CodeCarbon exposes all its metrics with the suffix codecarbon_.
Current version uses pushgateway mode. If your pushgateway server needs auth, set your environment variables PROMETHEUS_USERNAME and PROMETHEUS_PASSWORD so CodeCarbon can push the metrics.
How to test locally¶
Deploy a local version of Prometheus + Prometheus Pushgateway:
docker-compose up
Run your EmissionsTracker as usual, with save_to_prometheus=True:
from codecarbon import OfflineEmissionsTracker
tracker = OfflineEmissionsTracker(
project_name="my_project",
country_iso_code="USA",
save_to_prometheus=True,
)
tracker.start()
# Your code here
tracker.stop()
Go to localhost:9090. Search for codecarbon_ to see all metrics.
Logfire¶
Logfire is an observability platform.
CodeCarbon exposes all its metrics with the suffix codecarbon_.
How to use it¶
Run your EmissionsTracker as usual, with save_to_logfire=True:
from codecarbon import OfflineEmissionsTracker
tracker = OfflineEmissionsTracker(
project_name="my_project",
country_iso_code="USA",
save_to_logfire=True,
)
tracker.start()
# Your code here
tracker.stop()
The first time it will ask you to log in to Logfire.

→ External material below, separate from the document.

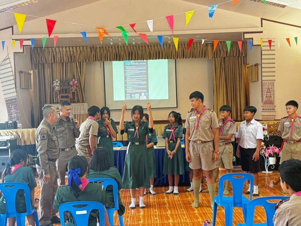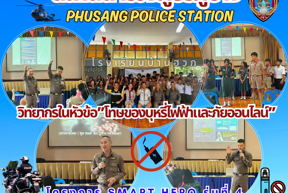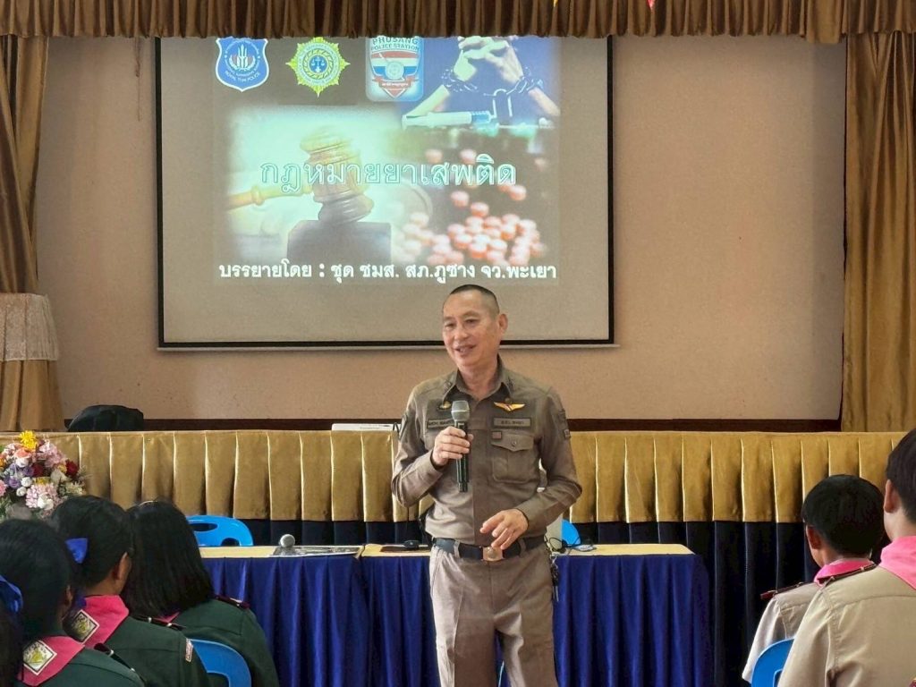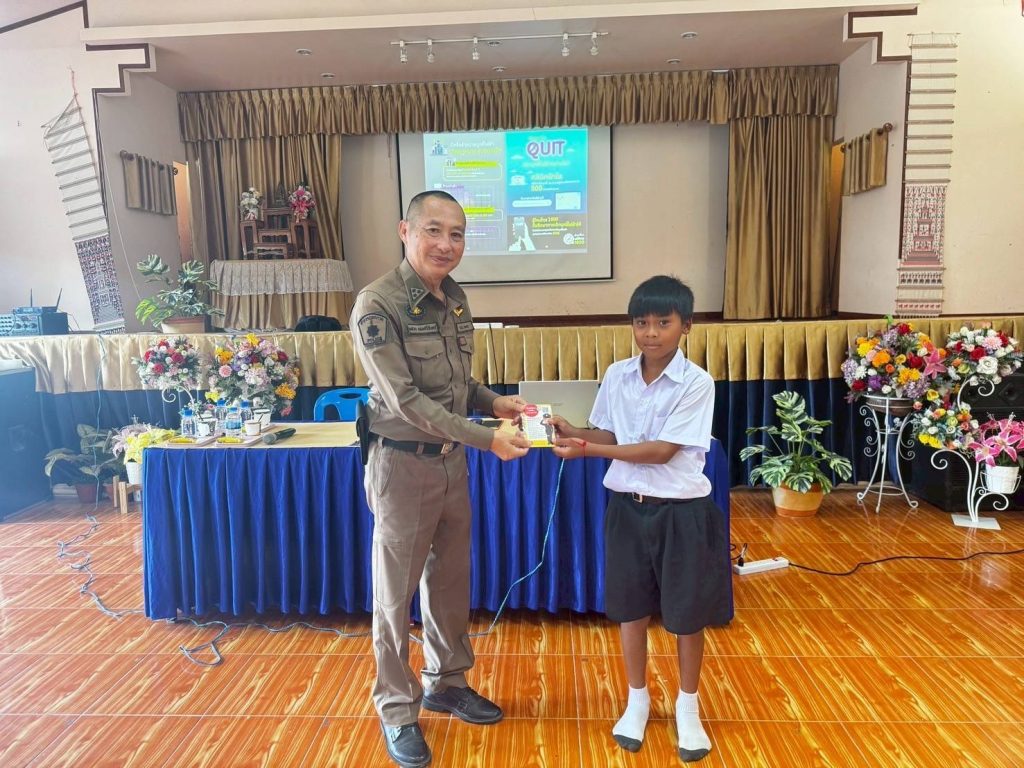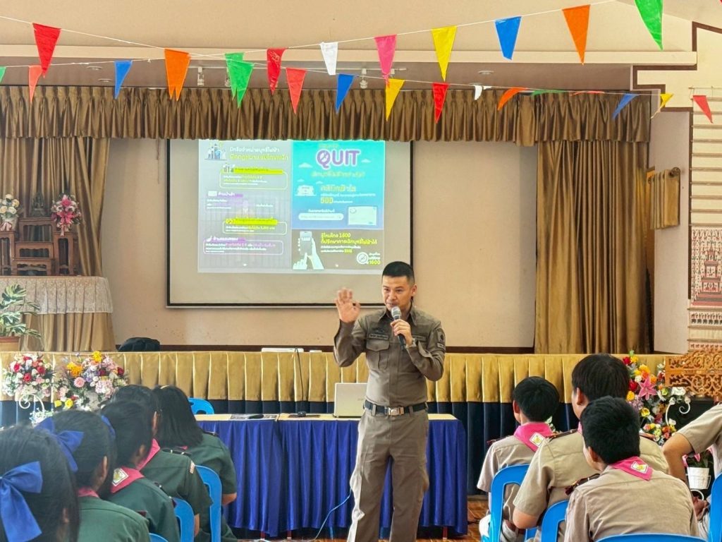 วิทยากรให้ความรู้ในหัวข้อ“โทษของบุหรี่ไฟฟ้าและภัยออนไลน์”ให้กับนักเรียนโรงเรียนบ้านฮวก ตำบลภูซาง

Once you log in and set the default Logfire project, the metrics will appear following the format codecarbon_*.
BoAmps¶
BoAmps is a standardized JSON format for reporting AI and ML energy consumption.
How to use it¶
Run your EmissionsTracker as usual, adding OutputMethod.BOAMPS to output_methods:
from codecarbon import OfflineEmissionsTracker, OutputMethod
tracker = OfflineEmissionsTracker(
project_name="my_project",
country_iso_code="USA",
output_methods=[OutputMethod.CSV, OutputMethod.BOAMPS],
)
tracker.start()
# Your code here
tracker.stop()
CodeCarbon writes a final report named boamps_report_<run_id>.json in output_dir.
If you need to enrich the report with task metadata, datasets, or publisher information, use BoAmpsOutput directly through output_handlers or start from examples/boamps_output.py.
Sample output:
{
"header": {
"formatVersion": "0.1",
"formatVersionSpecificationUri": "https://github.com/Boavizta/BoAmps/tree/main/model",
"reportId": "79e4408f-ec31-476f-a2c5-8ca7f53e6cc7",
"reportDatetime": "2026-04-09 23:07:42"
},
"measures": [
{
"measurementMethod": "codecarbon",
"version": "3.2.6",
"averageUtilizationCpu": 0.6,
"powerConsumption": 6.515418096322266e-05,
"measurementDuration": 7.052794550996623,
"measurementDateTime": "2026-04-09 23:07:42"
}
],
"system": {
"os": "Linux-6.17.0-19-generic-x86_64-with-glibc2.42"
},
"software": {
"language": "python",
"version": "3.12.12"
},
"infrastructure": {
"infraType": "onPremise",
"components": [
{
"componentName": "Intel(R) Core(TM) Ultra 7 265H",
"componentType": "cpu",
"nbComponent": 8
},
{
"componentType": "ram",
"nbComponent": 1,
"memorySize": 30.052967071533203
}
]
},
"environment": {
"country": "France",
"latitude": 48.6,
"longitude": 2.3
}
}
HTTP Output¶
The HTTP Output allows calling a webhook with emission data when the tracker is stopped. Use the emissions_endpoint parameter to specify your endpoint.
CodeCarbon API¶
You can send all your data to the CodeCarbon API so you have your historical data in one place. By default, nothing is sent to the API. Use save_to_api=True and configure your API credentials.